Introduction
Background
Although tibial plateau fracture was originally termed a bumper or fender fracture, only 25% of tibial plateau fractures result from impact with automobile bumpers. The most common mechanism of injury involves axial loading, such as results from a fall. Other patterns of injury result from laterally directed forces or from a twisting injury. In all cases, force is directed from the femoral condyles onto the medial and lateral portions of the tibial plateau, resulting in fracture. In younger patients, the most common pattern of fracture is splitting, while in older, more osteoporotic patients, depression fractures typically are sustained.
Soft tissue injuries (eg, to cruciate and collateral ligaments) occur in approximately 10% of patients. In particular, medial plateau injuries may result in fracture of the fibular head, which may injure the peroneal nerve or may be associated with popliteal artery occlusion. Patients may present with a knee effusion, pain, and joint stiffness. Finally, although severe fractures often are repaired surgically, both operatively and nonoperatively treated fractures are at risk of developing posttraumatic osteoarthritis as a result of ligamentous injuries with resultant instability as well as articular discongruities, biomechanical alteration of normal compressive forces, and cartilage damage.
Pathophysiology
Varus stresses tend to be less common than valgus stresses due to the inherent valgus carrying angle of the knee and protection by the opposite extremity. Coupled with the fact that the medial plateau of the tibia is stronger than the lateral, fractures of the lateral plateau are much more common than the medial. To injure the medial plateau requires a large amount of force, and fractures of the medial plateau usually are seen in conjunction with fractures of the lateral plateau and other bones about the knee joint, as well as the supporting structures. In particular, forces that result in fractures of the lateral plateau (75-80% of fractures) are directed medially and also may result in disruption of the anterior cruciate ligament or the medial collateral ligament.
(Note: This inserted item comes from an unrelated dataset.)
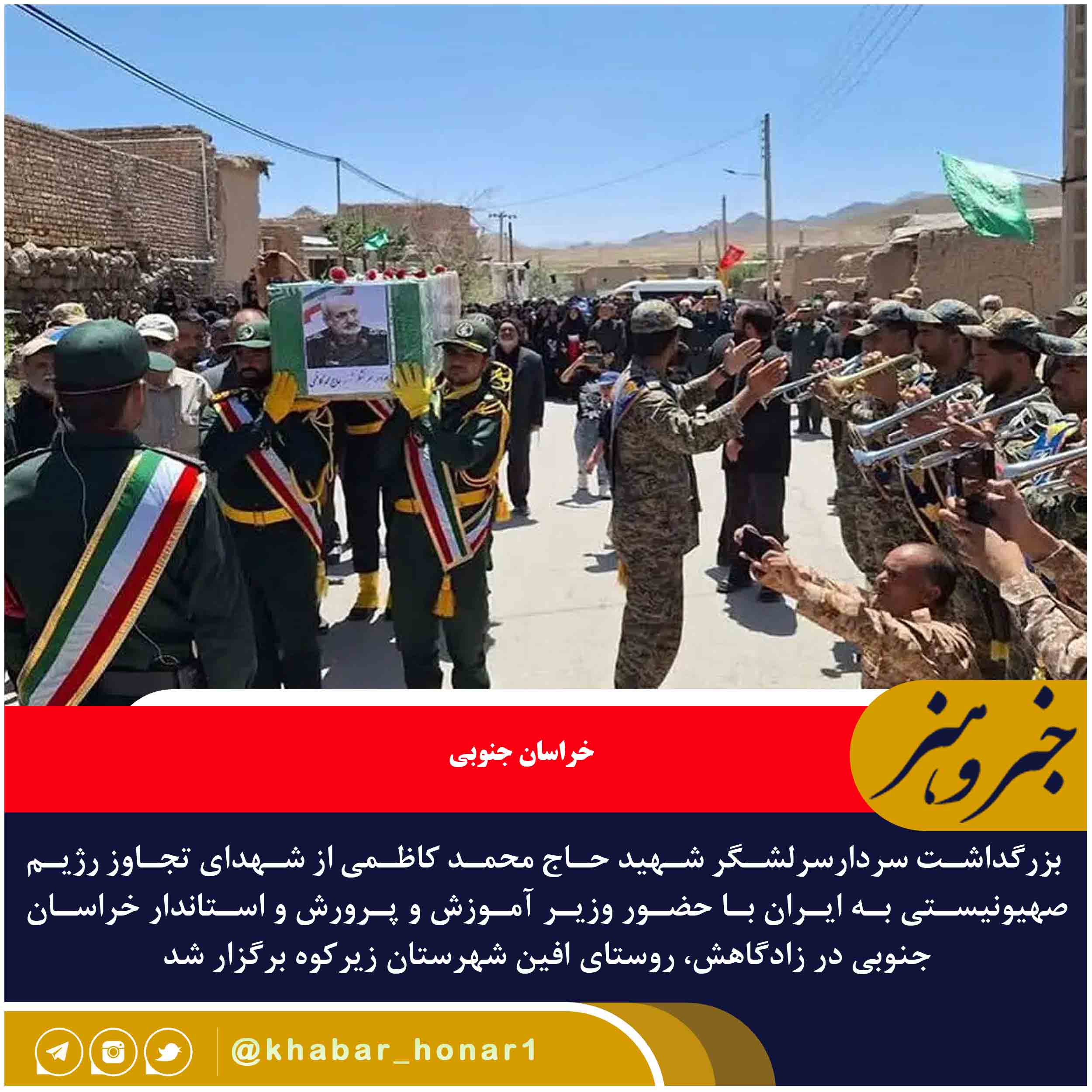 بزرگداشت سردار سرلشگر شهید حاج محمد کاظمی از شهدای تجاوز رژیم صهیونیستی به ایران با حضور وزیر آموزش و پرورش و استاندار خراسان جنوبی در زادگاهش، روستای افین شهرستان زیرکوه برگزار شد.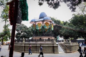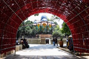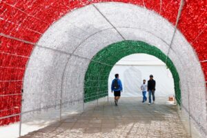 El punto central del zócalo concentra la mayor atracción, ya que se colocaron túneles tricolores y letras gigantes con la leyenda “Viva México” en el kiosco, convirtiéndolo en un espacio ideal para fotografías y convivencia familiar.

Since laterally directed forces that cause medial plateau injuries (5-10% of fractures) tend to be much more violent, additional soft tissue structures tend to be injured, including the posterior cruciate ligament, popliteal artery, or lateral stabilization complex of the knee. Pure axial injuries may result in a blend of these soft tissue injuries. Only 5-10% of proximal tibia fractures involve the simultaneous fracture of the medial and lateral plateaus and may result in a combination of soft tissue injuries, depending on the nature of the complex and the severity of forces required to injure both sides of the tibial plateau.
Frequency
United States
The incidence of tibial plateau fractures is unknown. Millions of fractures occur in the United States each year. Of these, approximately 1% are estimated to involve the tibial plateau.
International
The international incidence of this fracture is unknown. Fractures of the tibial plateau are estimated to comprise approximately 1% of all fractures.
Mortality/Morbidity
Fractures of the tibial plateau commonly occur in conjunction with other injuries resulting from a fall or motor vehicle accident. Isolated fractures of the tibia are not fatal but may be associated with injuries to nearby structures, including the popliteal artery, ligaments, peroneal nerve, soft tissues, and menisci.
The goal of therapy is to reduce the fracture and begin early mobilization. If the patient is immobilized for a lengthy period (>3 wk), the joint will not return to full range of motion. Depression of a tibial plateau that is inadequately corrected results in a varus or valgus deformity and accelerated osteoarthritis. Unappreciated ligamentous injury causes greater than normal stress on the remaining support structures of the joint, malalignment, and the development of premature osteoarthritis.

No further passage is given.